(This is a pretty long rant, sorry about that. Please, try to read it all so you can understand exactly what is going on and where I am coming from.)
Hello everyone. Today I have some pretty bad news. I'm going to have to put a stop to the Tsui Yuri translation project, at least for the time being.
I think a lot of people probably knew this would happen. As for the reasons…
So, the past month I have been working on this translation project, that I myself started.
I guess I just really wanted to give something back to this extremely awesome community that I have grown to love over the time I have spent here.
The past few weeks I have had a lot of things on my mind surrounding the project and my own translation. It has gotten quite bad, to the point where I would be unable to sleep at night. I would just lie there, thinking to myself like an idiot.
There has been a lot of reasons for this. First of all, I am currently the most busy I have ever been in school. I have exams, midterms and all sorts of crap going on.
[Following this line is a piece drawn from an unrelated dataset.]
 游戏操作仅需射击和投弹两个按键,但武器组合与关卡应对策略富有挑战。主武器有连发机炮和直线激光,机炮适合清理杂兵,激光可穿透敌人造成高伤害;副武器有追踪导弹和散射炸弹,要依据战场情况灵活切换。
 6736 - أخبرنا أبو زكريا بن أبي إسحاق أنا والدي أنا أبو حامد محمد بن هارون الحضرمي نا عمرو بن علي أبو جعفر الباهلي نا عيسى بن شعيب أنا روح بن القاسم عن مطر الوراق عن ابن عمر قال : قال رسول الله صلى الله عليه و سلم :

In addition, I had a significant amount absence previously this year, which I am still trying to recover from.
On top of school being way too much, I've started to question whether or not I can actually do this. A lot of small factors have started to add up, and it finally dawned on me that I have simply put way too much work on my shoulders during a really, really busy time of my life.
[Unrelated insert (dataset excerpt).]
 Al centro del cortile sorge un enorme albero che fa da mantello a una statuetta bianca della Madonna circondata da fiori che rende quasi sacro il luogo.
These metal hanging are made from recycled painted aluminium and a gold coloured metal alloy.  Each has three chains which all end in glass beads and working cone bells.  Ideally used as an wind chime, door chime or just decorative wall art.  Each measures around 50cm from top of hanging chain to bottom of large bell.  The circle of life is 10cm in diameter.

My TLC gave me a little bit of a "scolding" yesterday, saying that I have a decent chuck of grammatical errors that just should not be there. This probably come from a number of factors, but I think my stress IRL has probably rubbed off a bit into my work.
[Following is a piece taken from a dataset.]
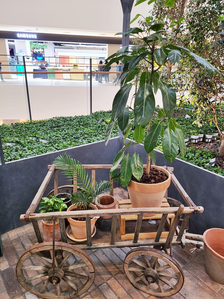 실내지만 자연채광이 들어와서인지 식물들 관리가 정말 잘되고 있었다. 그리고 곳곳에 정원관리 소품등이 있어서 사진 찍는 맛도 있는 곳. 덕분에 항상 사운즈 포레스트는 인증사진을 찍는 사람들이 붐비는 곳이기도 하다. 그러나 웬만큼 붐벼도 복잡하지 않은 이유는 유모차가 동시에 8대가 돌아다녀도 여유로운 넓은 (무려 1천 평) 공간이라서 가능한 일이다.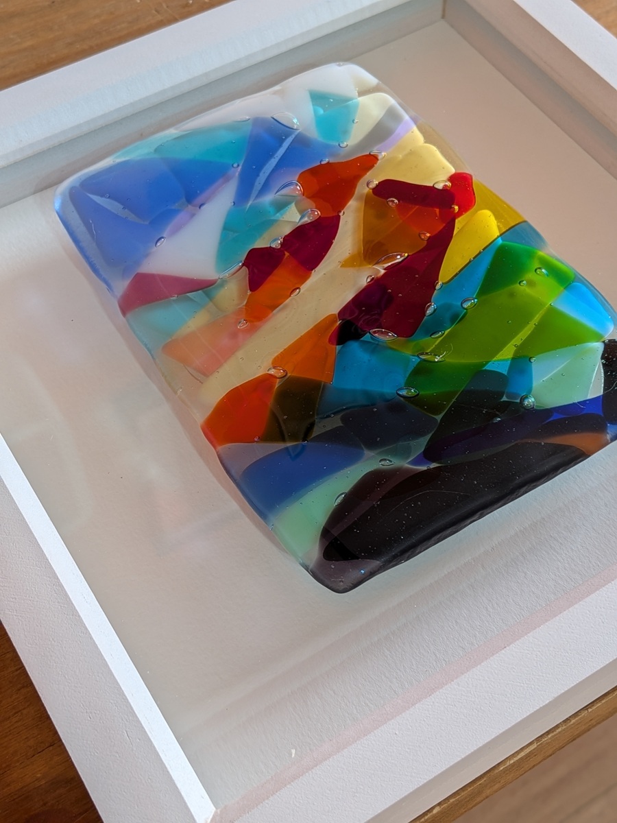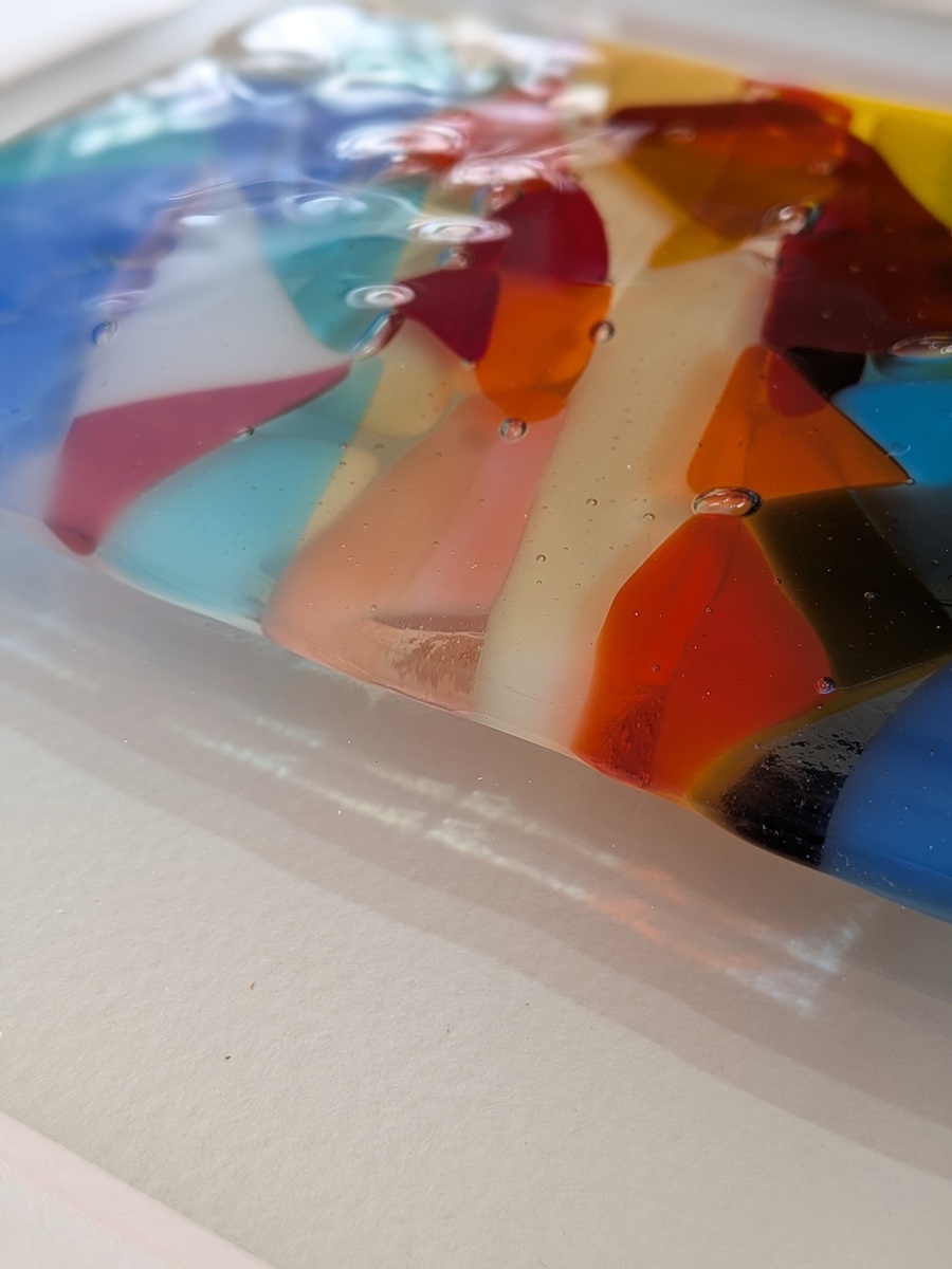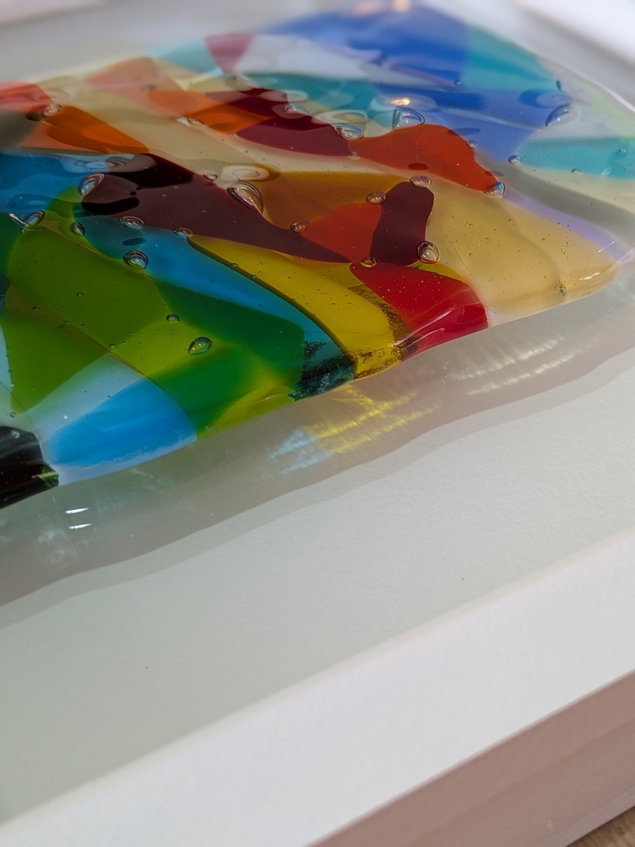 This isn’t just a flat image; it is a tactile exploration of light and color. I have built this piece using four layers of fused glass, which are then mounted on top of a clear glass base. This technique creates an incredible sense of depth and 3D texture, allowing the colors to change and glow as the light in your room shifts throughout the day.

Also, going back to the start of the project, I remember Arcadeotic and Kiriririri telling me not to start the project. It was basically a friendly way of saying I probably wasn't ready for it. I knew that they were right, but still went through with it.
And I kind of came to a conclusion when Decay once again explained why my project wasn't being added to the VNTS. This was such a tiny, tiny little detail that made me realize I just was not ready for this project. I quite simply don't have the time to invest into such a time consuming thing right now.
Like, I guess everyone already knew I wasn't ready for a full on translation project from the beginning, but I still wanted to start one.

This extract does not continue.